Starting at the line below with "Evangelical Christian Church, Lublin, Poland" and stopping at the line with "sculpture Rocky lumps", please print each line exactly, those two included, and skip every picture.

# [Stored records]

"""

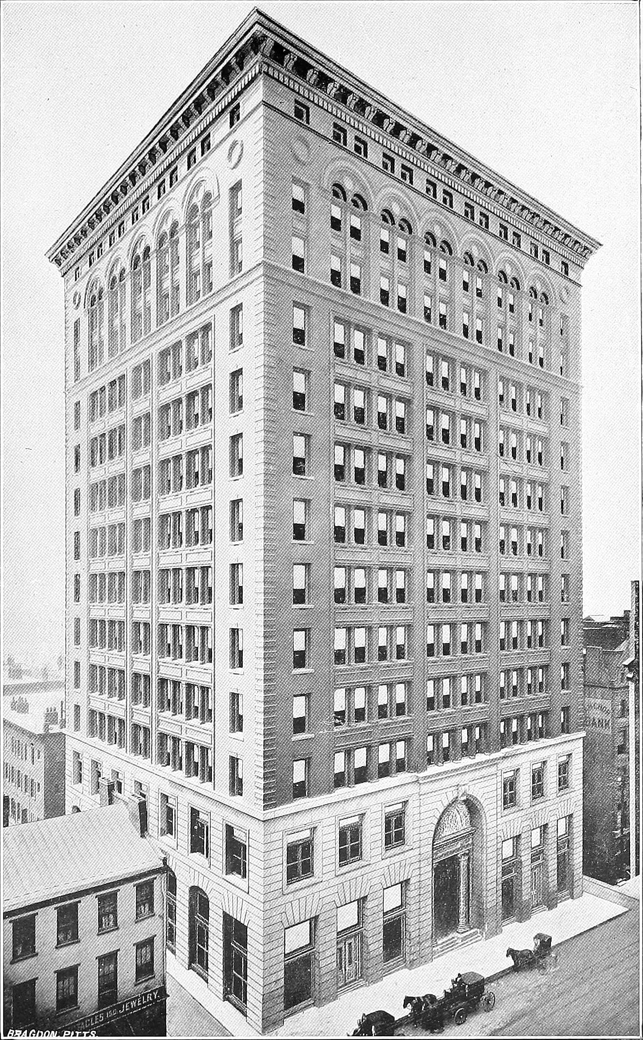 View of the Carnegie Building (opened 1895, architects Longfellow, Alden & Harlow) in 1905, by photographer John C. Bragdon
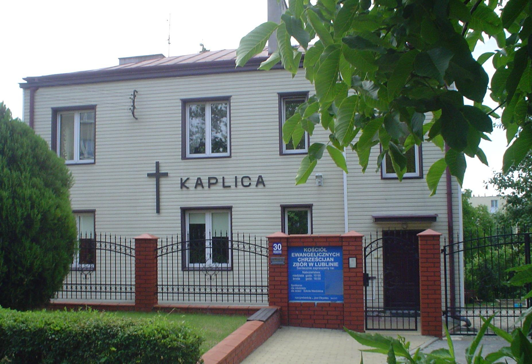 Evangelical Christian Church, Lublin, Poland
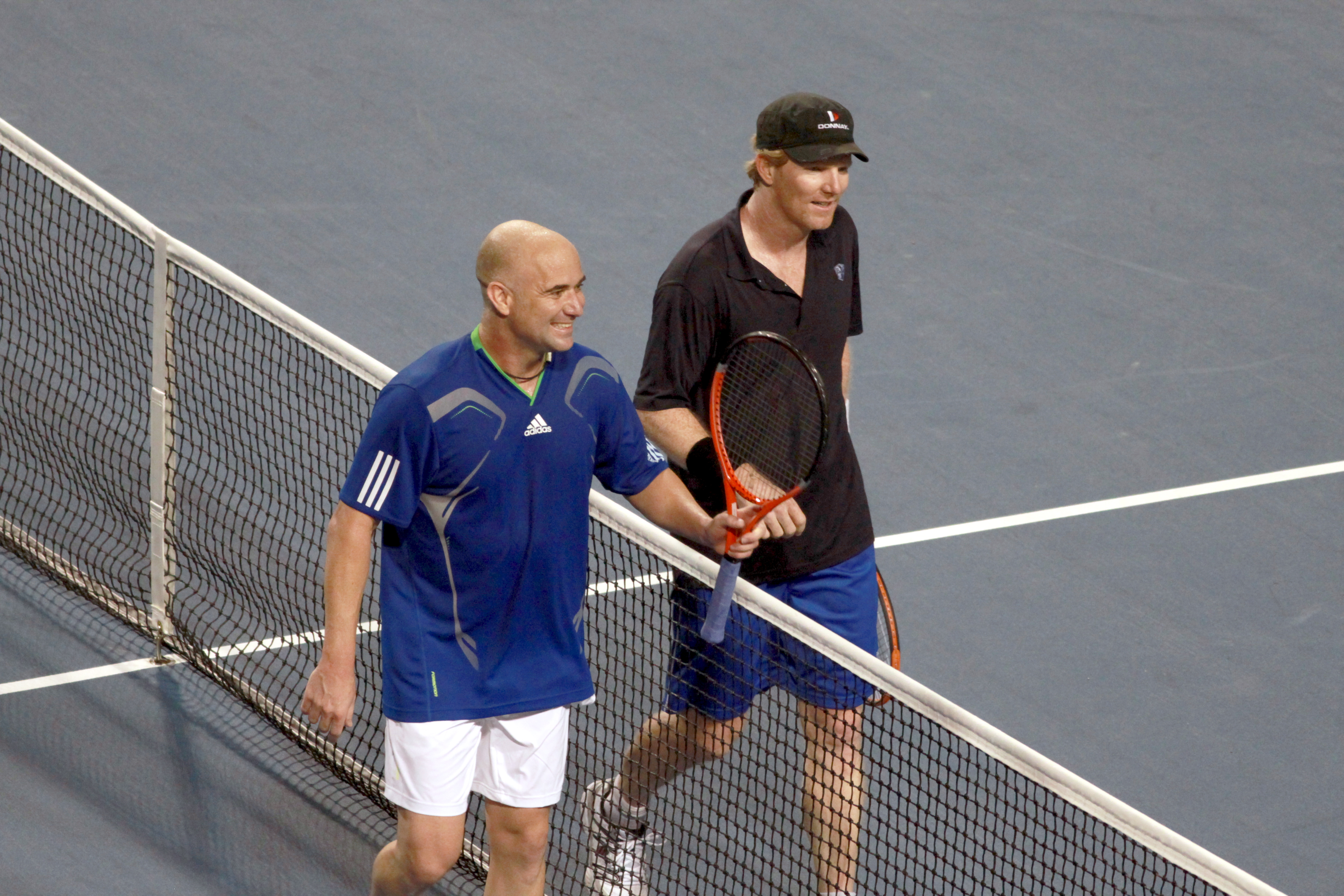 Rogers Cup 2011 Legends Andre Agassi vs Jim Courier
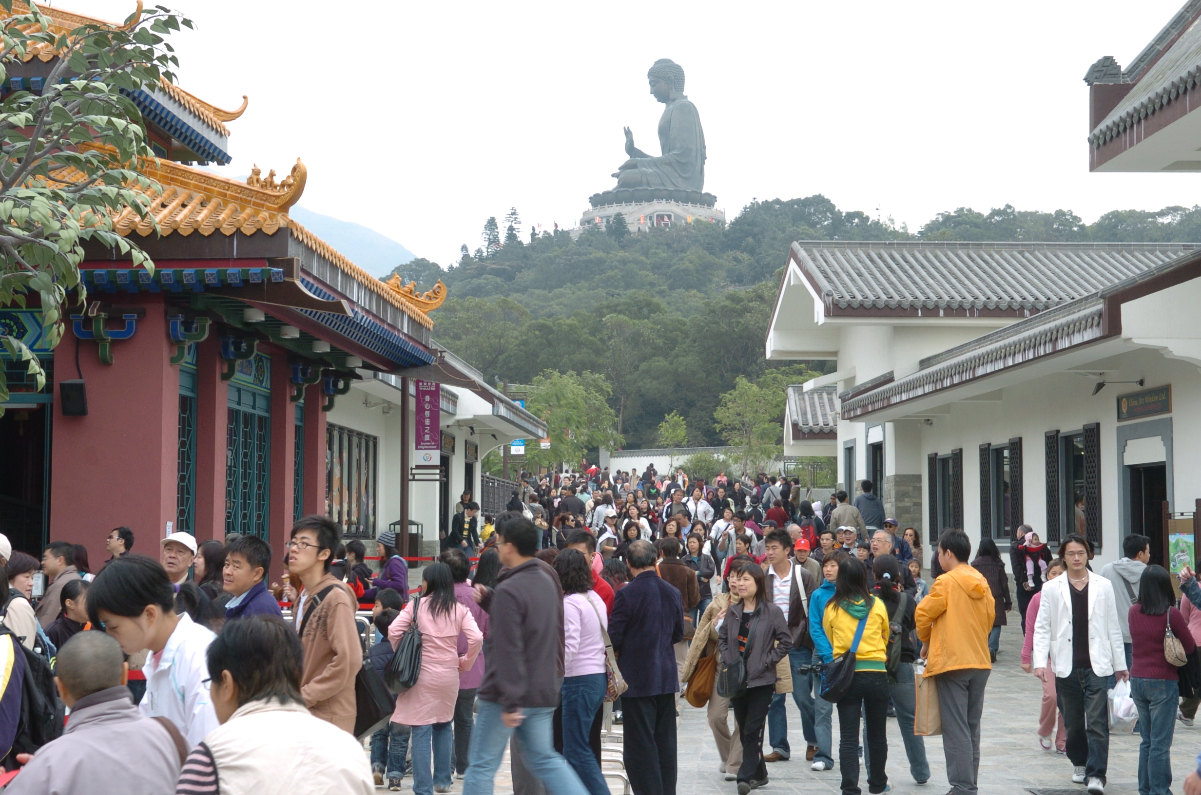 Ngong Ping Village
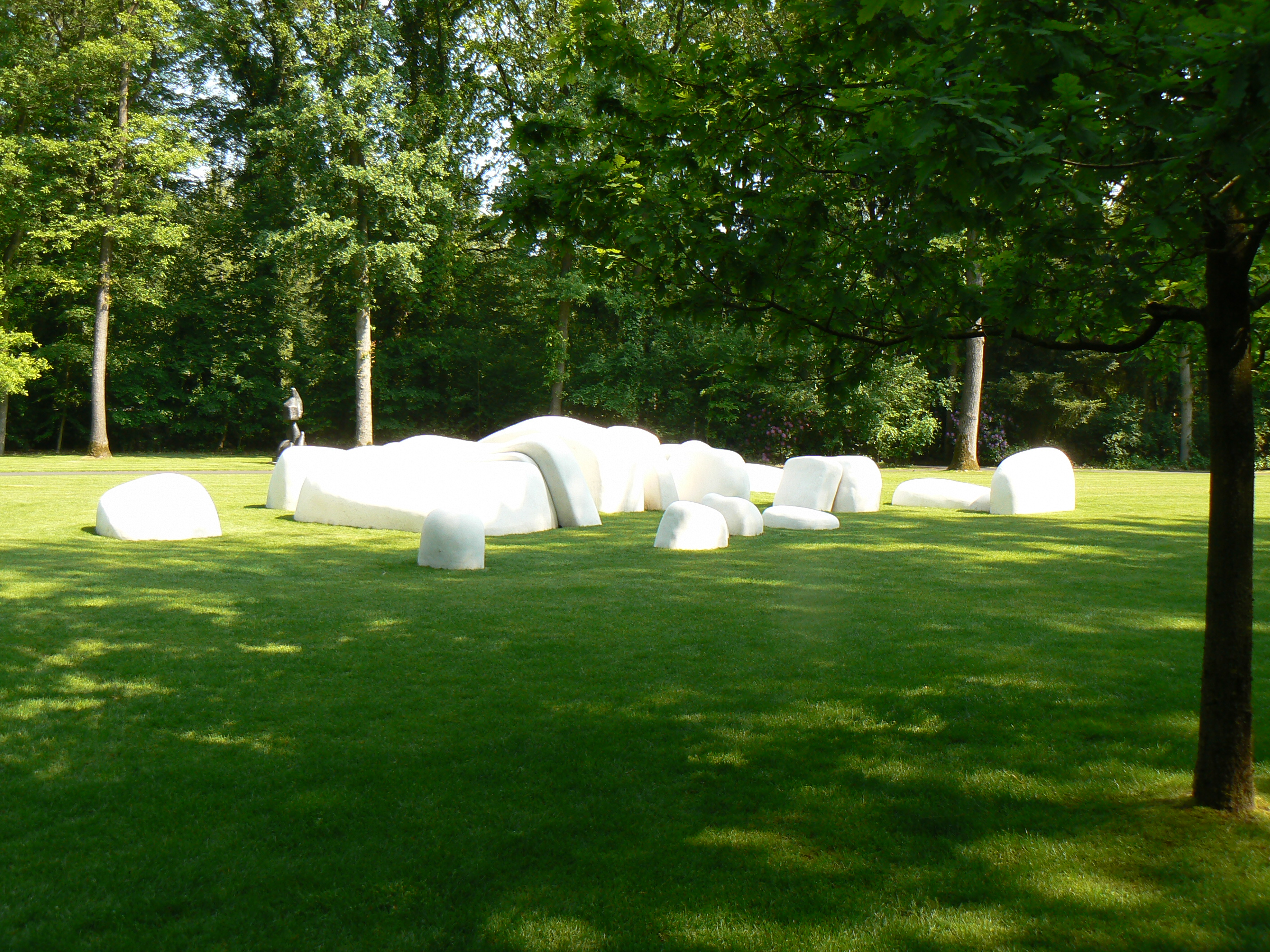 sculpture Rocky lumps (2005/6) by Tom Claassen in KMM Sculpturepark/The Netherlands
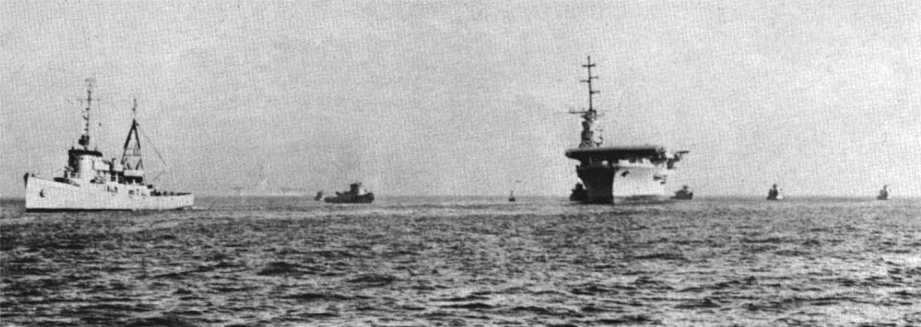 The U.S. Navy fleet tug USS Chowanoc (ATF-100) tows the decommissioned aircraft carrier USS Philippine Sea (CVS-47).Philippine Sea was decommissioned 28 December 1958 and berthed with the United States Reserve Fleet at Long Beach, California (USA).

"""

# [Exercise solution]
 Evangelical Christian Church, Lublin, Poland
 Rogers Cup 2011 Legends Andre Agassi vs Jim Courier
 Ngong Ping Village
 sculpture Rocky lumps (2005/6) by Tom Claassen in KMM Sculpturepark/The Netherlands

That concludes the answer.